Salmon-trout quartets using compara 106 trees

Aim and strategy

The aim is to classify the ohnolog (Ss4R) and ortholog relationship between Atlantic salmon and Rainbow trout genes and represent this as a table. These relationships are fully defined by the gene-tree but can be obscured by incorrect gene-tree estimation and/or delayed re-diploidisation. While there has been some large scale rearrangments and most of the duplicated chromosomes have fused with other chromosomes, the vast majority of duplicated genes are found in large syntenic/co-linear blocks. This retained synteny can be used to identify/verify the relationship in clades where the phylogeny is not clear.

The strategy is to:

Extract the salmonid+pike clades from the larger gene-trees. Pike, the closest pre-WGD lineage, is included to ensure that the clade includes both of the duplicated salmonid clades.
Select the clades with 2:2 salmon and trout orthologs.
Check the phylogeny of these 2:2 clades and keep those with phylogeny in agreement with Ancestral Ortholog Resolution (AORe), i.e. there are two clades, each with one salmon and one trout ortholog.
Count occurences of chromosome combinations in the 2:2 AORe clades and define the most common as syntenic chromosome quartets.
Use these to verify synteny of incomplete clades (i.e. 2:1, 2:0, 1:1)
In addition, the phylogeny (i.e. LORe/AORe) of the 2:2 clades can transferred to non 2:2 by proximity. (i.e. identifying putative LORe regions)

# Subset of species in Ensembl 106 compara trees

spcTree <- read.tree("data/Ens106s/spcTree.nw")
OGtbl <- readRDS("data/Ens106s/OGtbl.RDS")
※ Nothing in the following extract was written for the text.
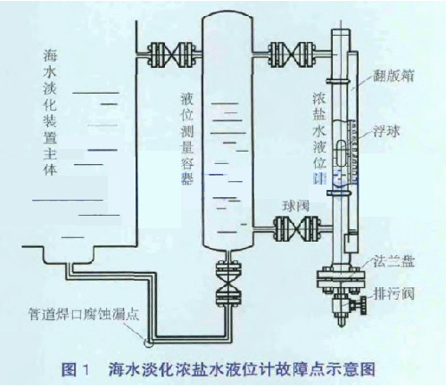 2013年12月16日0:20海淡水化裝置主體U3濃鹽水液位計開始出現(xiàn)30%~70%的波動,檢查液位計本體無異常,將液位計上、下閥門關(guān)小后,液位測量波動減小,但故障現(xiàn)象并未消失。利用高爐休風機會降海水淡化U3主體負荷并查找故障原因。將液位計上、下閥門全關(guān)閉并拆下下部絲堵,打開排污閥徹底進行排氣排污處理,檢測磁性浮子,未發(fā)現(xiàn)異常。當投運后波動現(xiàn)象存在。濃鹽水液位計更換后再次試投運,發(fā)現(xiàn)液位計液位顯示波動更大、更頻繁。經(jīng)過排查發(fā)現(xiàn)與液位測量容器(見圖1)連接的管道焊接處有漏點,對該漏點進行封堵后液位測量顯示恢復穩(wěn)定,負荷狀態(tài)生產(chǎn)恢復正常。
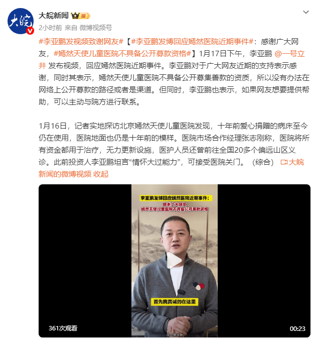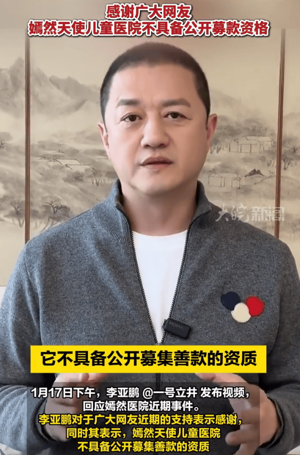 (来源:大皖新闻)1月17日下午,李亚鹏发布视频,回应嫣然医院近期事件。李亚鹏对于广大网友近期的支持表示感谢,同时其表示,嫣然天使儿童医院不具备公开募集善款的资质,所以没有办法在

Omyk_genePos <- read_tsv("https://salmobase.org/datafiles/orthology/2021-11/PrepInput_pipeline/genePosTbls/Omyk_genePos.tsv",
                         col_types=cols(seqname=col_character()))
Ssal_genePos <- read_tsv("https://salmobase.org/datafiles/orthology/2021-11/PrepInput_pipeline/genePosTbls/Ssal_genePos.tsv",
                         col_types=cols(seqname=col_character()))

Table structure

Columns:

subOG - unique identifier for the pike+salmonid (Protacanthopterygii) clade/orthogroup
AB - Designates the A or B duplicate syntenic chromosome quartet. NA if synteny not verifiable. Note that it does not make sense to use this in LORe regions.
spc - Species (Ssal/Omyk)
geneID - Ensembl gene id
chr - Chromosome (formatted, e.g. “Omy05”. Might want to keep the original name?)
start, end, strand
nSsal, nOmyk - Number of genes in clade per species (used to filter, e.g. 2:2, 2:1, 1:1, 2:0, 1:0)
synteny - Syntenic chromosome quartet “((Omy,Ssa),(Omy,Ssa))”. NA - not consistent with major quartet, i.e. synteny not verified. For 2:1, 2:0 and 1:1 clades, it will be set if it is a partial match. In the case where partial match is ambiguous it will be NA.
phylogeny - LORe/AORe or the actual phylogeny if cryptic. Only for 2:2 clades. Otherwise NA
proxiSynteny - Proximal quartet. For non 2:2 clades, fetch the synteny from nearest 2:2 clade in synteny (within 1MB)
proxiPhylogeny - Proximal phylogeny, i.e. LORe/AORe from nearest 2:2 clades in synteny. (Use majority vote of 5 nearest)
reciprocalLoss - TRUE/FALSE, but only for 1:1 clades with proxyPhylogeny=AORe in both copies, otherwise NA

The purpose of the table is to easily pick out certain classes of clades. As it is now we can easily pick out 2:2,1:2 etc.. by the nSsal and nOmyk columns. The verified synteny (synteny != NA) can be used to select high confidence clades.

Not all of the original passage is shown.